• **Aim of the task**
Omit every picture and return the rest of the data unaltered.

Listed records: Begin

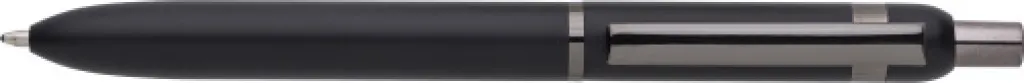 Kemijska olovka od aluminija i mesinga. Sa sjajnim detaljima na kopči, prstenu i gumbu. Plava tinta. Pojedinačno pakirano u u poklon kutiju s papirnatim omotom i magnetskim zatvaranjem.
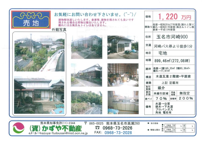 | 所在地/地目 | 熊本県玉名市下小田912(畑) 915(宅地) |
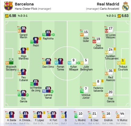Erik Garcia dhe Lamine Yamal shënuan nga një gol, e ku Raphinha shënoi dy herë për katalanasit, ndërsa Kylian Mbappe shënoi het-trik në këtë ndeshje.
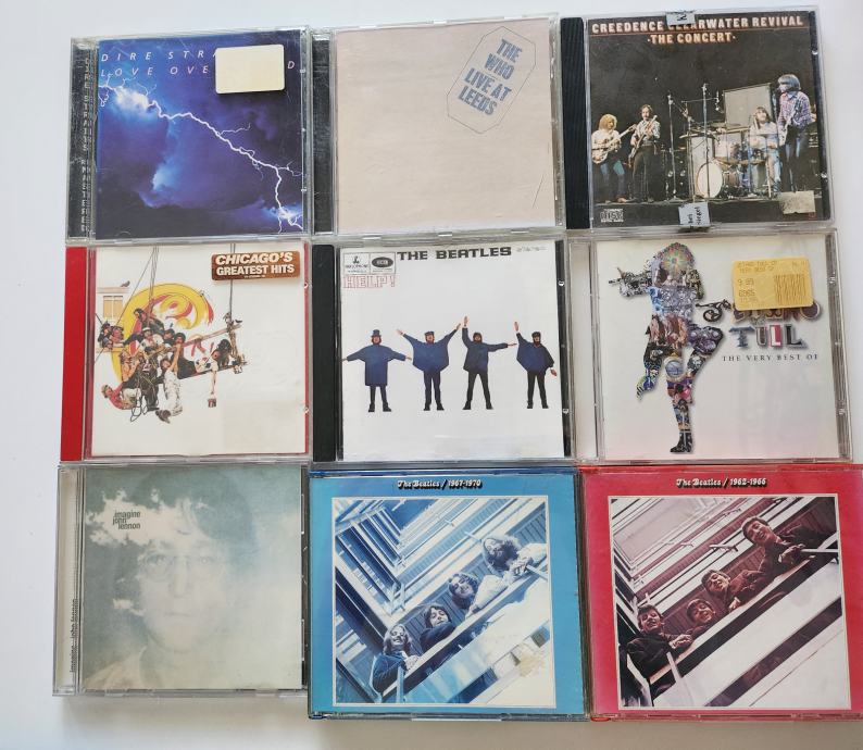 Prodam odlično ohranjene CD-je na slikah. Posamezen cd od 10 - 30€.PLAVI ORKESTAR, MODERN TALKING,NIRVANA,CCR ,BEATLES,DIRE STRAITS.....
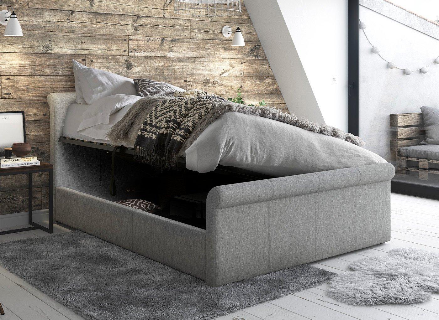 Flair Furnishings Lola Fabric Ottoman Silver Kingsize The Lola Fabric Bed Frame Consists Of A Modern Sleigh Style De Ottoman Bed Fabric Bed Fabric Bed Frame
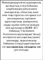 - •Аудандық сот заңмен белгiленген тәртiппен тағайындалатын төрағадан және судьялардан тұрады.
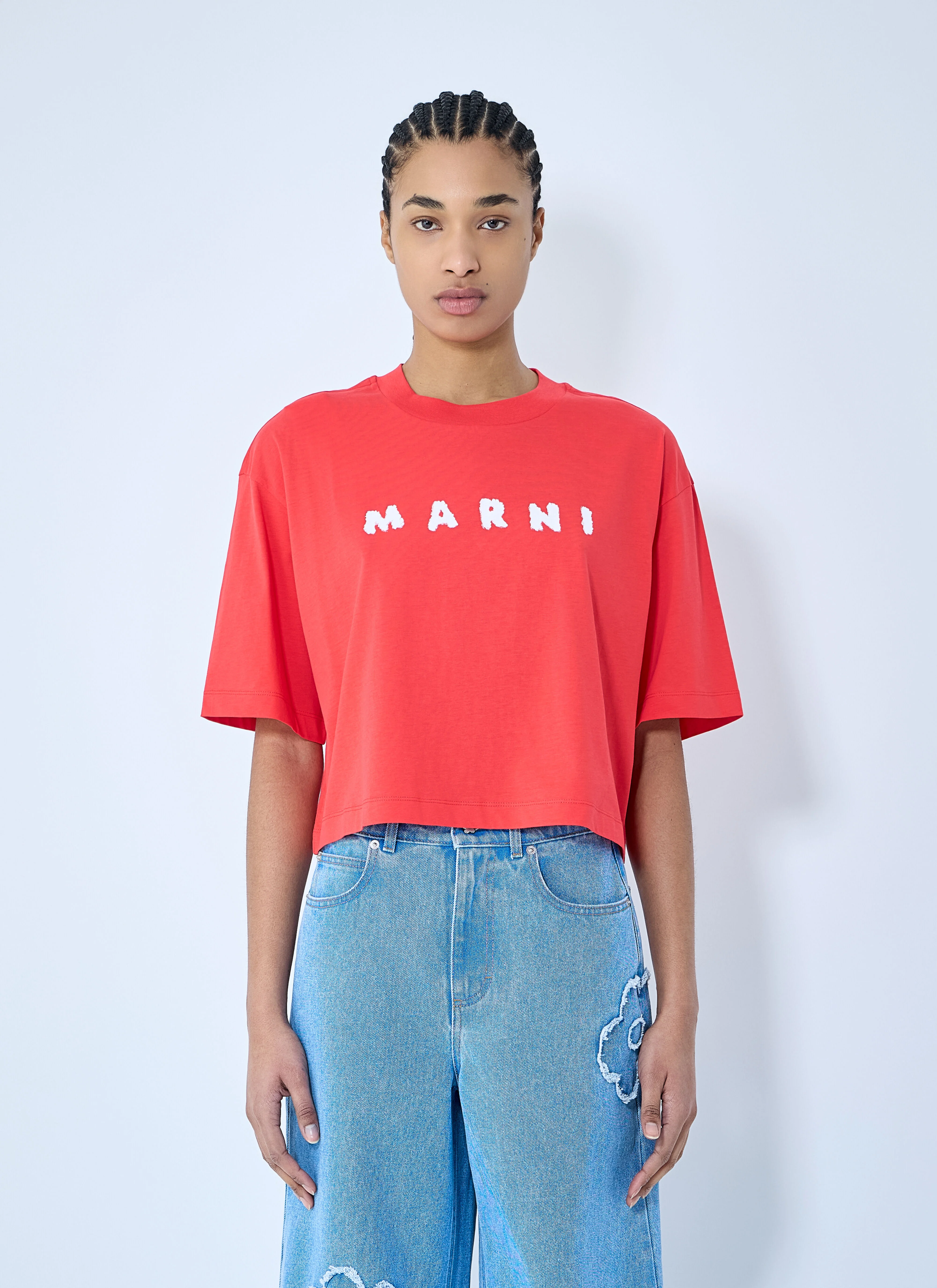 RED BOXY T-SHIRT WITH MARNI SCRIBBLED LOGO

Listed records: End

• **Solution to the problem**
 Kemijska olovka od aluminija i mesinga. Sa sjajnim detaljima na kopči, prstenu i gumbu. Plava tinta. Pojedinačno pakirano u u poklon kutiju s papirnatim omotom i magnetskim zatvaranjem.
 | 所在地/地目 | 熊本県玉名市下小田912(畑) 915(宅地) |
Erik Garcia dhe Lamine Yamal shënuan nga një gol, e ku Raphinha shënoi dy herë për katalanasit, ndërsa Kylian Mbappe shënoi het-trik në këtë ndeshje.
 Prodam odlično ohranjene CD-je na slikah. Posamezen cd od 10 - 30€.PLAVI ORKESTAR, MODERN TALKING,NIRVANA,CCR ,BEATLES,DIRE STRAITS.....
 Flair Furnishings Lola Fabric Ottoman Silver Kingsize The Lola Fabric Bed Frame Consists Of A Modern Sleigh Style De Ottoman Bed Fabric Bed Fabric Bed Frame
 - •Аудандық сот заңмен белгiленген тәртiппен тағайындалатын төрағадан және судьялардан тұрады.
 RED BOXY T-SHIRT WITH MARNI SCRIBBLED LOGO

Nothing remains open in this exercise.